## TASK ITEM
Make an exact copy of the entries, and keep any pictures out of it.

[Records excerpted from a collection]
----------
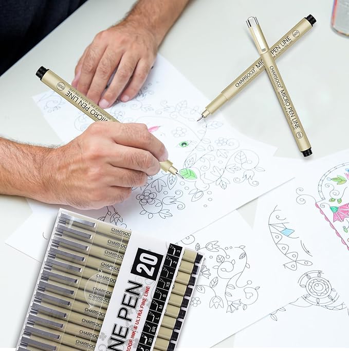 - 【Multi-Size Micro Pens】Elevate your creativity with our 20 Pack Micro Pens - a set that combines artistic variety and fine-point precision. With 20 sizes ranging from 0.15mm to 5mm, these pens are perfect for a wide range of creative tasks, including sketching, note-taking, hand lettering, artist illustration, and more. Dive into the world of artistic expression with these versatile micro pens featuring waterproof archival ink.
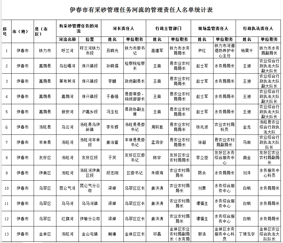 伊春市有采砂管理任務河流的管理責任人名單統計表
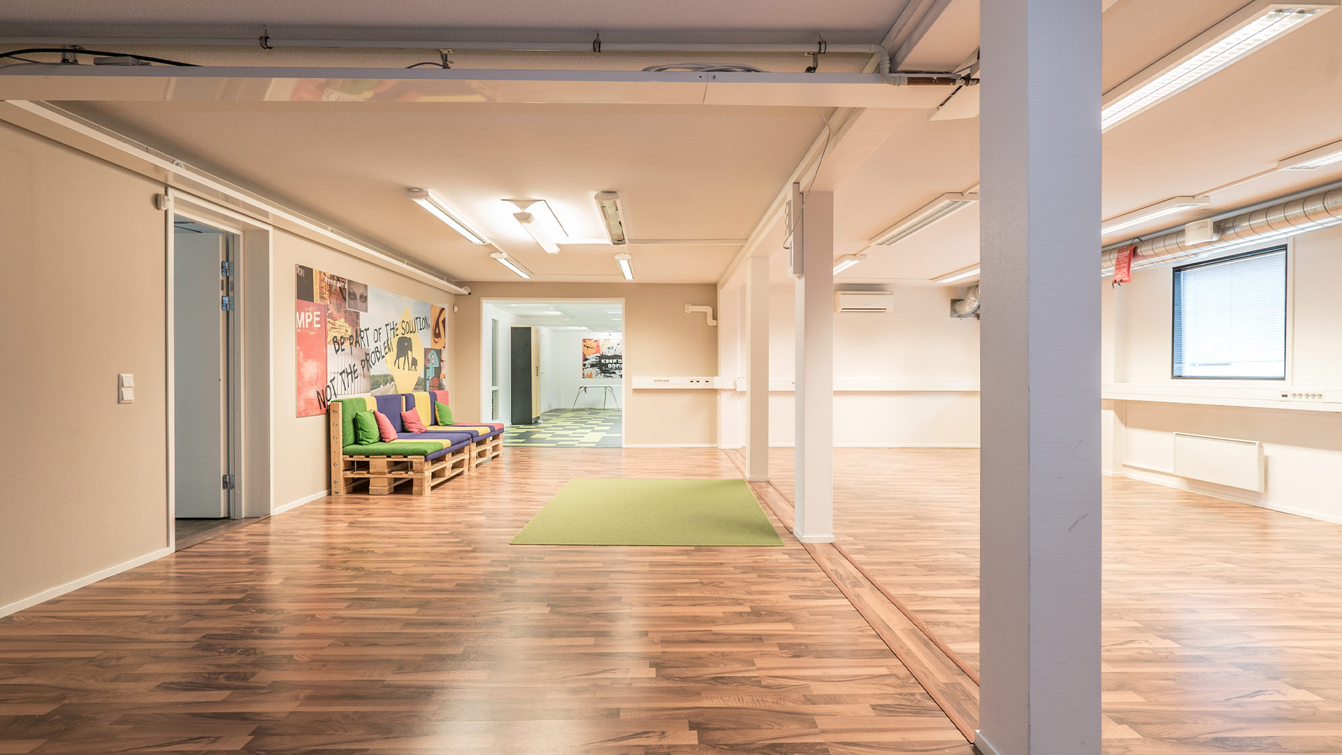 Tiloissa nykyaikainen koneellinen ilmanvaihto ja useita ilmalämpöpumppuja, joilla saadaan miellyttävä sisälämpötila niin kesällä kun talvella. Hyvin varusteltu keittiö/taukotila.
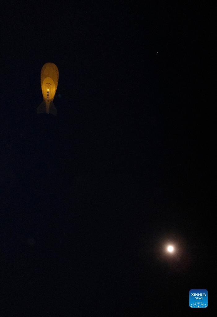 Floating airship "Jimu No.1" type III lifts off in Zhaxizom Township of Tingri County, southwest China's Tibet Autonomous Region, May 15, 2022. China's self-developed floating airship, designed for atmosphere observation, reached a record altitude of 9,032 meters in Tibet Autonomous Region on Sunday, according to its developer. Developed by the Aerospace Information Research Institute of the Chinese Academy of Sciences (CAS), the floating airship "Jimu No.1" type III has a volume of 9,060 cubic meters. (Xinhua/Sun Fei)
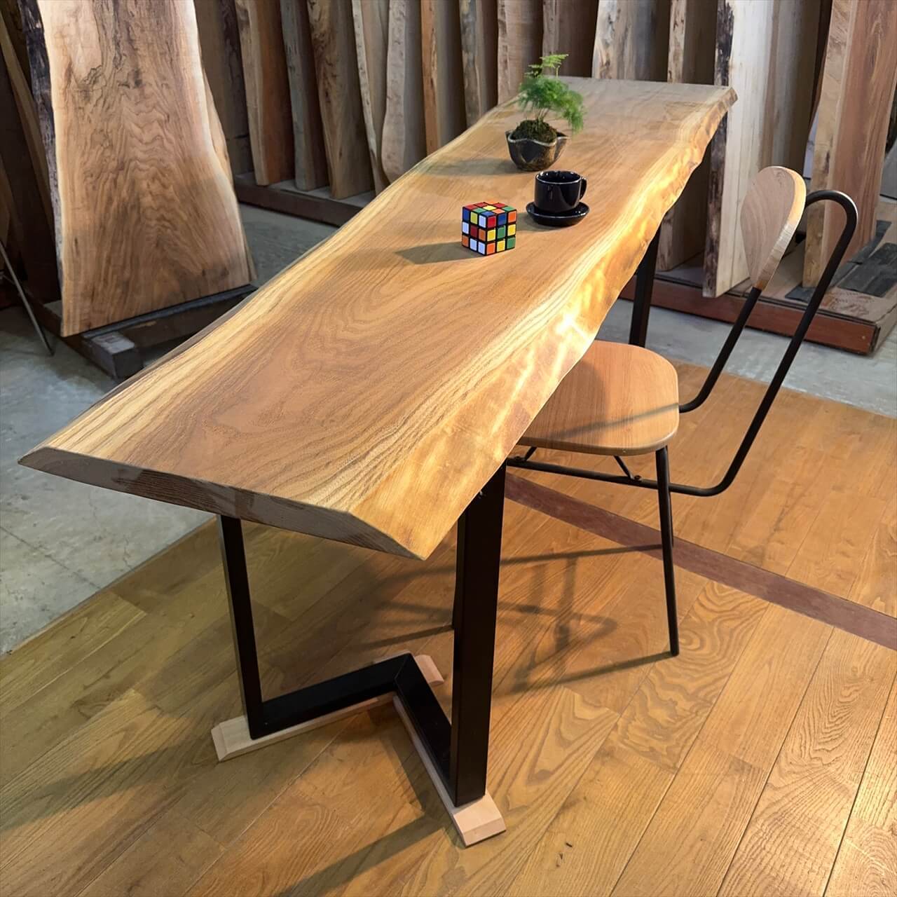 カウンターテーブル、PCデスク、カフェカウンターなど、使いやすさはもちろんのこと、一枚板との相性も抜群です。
----------
## ANSWER FOR THIS EXERCISE
 - 【Multi-Size Micro Pens】Elevate your creativity with our 20 Pack Micro Pens - a set that combines artistic variety and fine-point precision. With 20 sizes ranging from 0.15mm to 5mm, these pens are perfect for a wide range of creative tasks, including sketching, note-taking, hand lettering, artist illustration, and more. Dive into the world of artistic expression with these versatile micro pens featuring waterproof archival ink.
 伊春市有采砂管理任務河流的管理責任人名單統計表
 Tiloissa nykyaikainen koneellinen ilmanvaihto ja useita ilmalämpöpumppuja, joilla saadaan miellyttävä sisälämpötila niin kesällä kun talvella. Hyvin varusteltu keittiö/taukotila.
 Floating airship "Jimu No.1" type III lifts off in Zhaxizom Township of Tingri County, southwest China's Tibet Autonomous Region, May 15, 2022. China's self-developed floating airship, designed for atmosphere observation, reached a record altitude of 9,032 meters in Tibet Autonomous Region on Sunday, according to its developer. Developed by the Aerospace Information Research Institute of the Chinese Academy of Sciences (CAS), the floating airship "Jimu No.1" type III has a volume of 9,060 cubic meters. (Xinhua/Sun Fei)
 カウンターテーブル、PCデスク、カフェカウンターなど、使いやすさはもちろんのこと、一枚板との相性も抜群です。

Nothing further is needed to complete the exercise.